As the end of the year approaches, how well do you know your personal “tax landscape?”
From income changes to changes in family size; from growth in capital gains to the potential impact of alternative minimum tax; from the annual hunt for additional tax deductions and the proverbial “shoebox” of unorganized receipts, how well you are prepared can directly impact how well you are able to engage in smart year end tax planning.
Charitable Giving & Tax Planning
A recent article in Forbes touched upon charitable contributions as one way to engage in smarter tax planning.
Donor advised funds (DAFs) are a tool that can serve your tax reduction needs in the following ways:
- You can receive an immediate income tax deduction in the year you contribute to your donor advised fund. Since a DAF is administered by a public charity, contributions immediately qualify for maximum income tax benefits. The IRS does mandate some limitations, depending upon the adjusted gross income (AGI) of the donor:
- Deduction for cash – up to 50 % of AGI.

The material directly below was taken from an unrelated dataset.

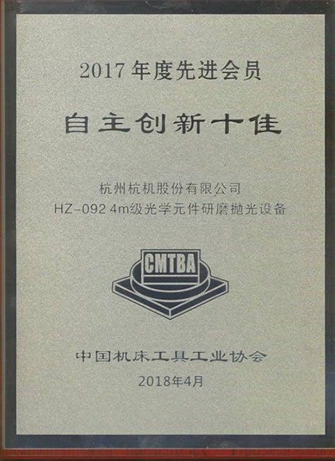 2018年4月,中國機床工具工業(yè)協(xié)會開展了2017年度中國機床工具工業(yè)協(xié)會先進會員(十佳)表彰活動,我公司憑借“HZ-092 4米級光學元件研磨拋光設備”項目榮獲2017年度中國機床工具工業(yè)協(xié)會“自主創(chuàng)新十佳”稱號。

- Deduction for securities and other appreciated assets – up to 30 % of AGI.
- There is a five-year carry-forward for unused deductions.
- You will incur no capital gains tax on gifts of appreciated assets held longer than one year (i.e. securities, real estate, other illiquid assets.)
- A donor advised fund will not be subject to estate taxes.
- The investments in a DAF can appreciate tax-free.
If you are subject to alternative minimum tax (AMT), your contribution into a DAF will reduce your AMT impact. Certain assets, such as closely-held stock and real estate, can allow a donor to enjoy the full-market value of the assets as a deduction (subject to the AGI limitations mentioned previously.)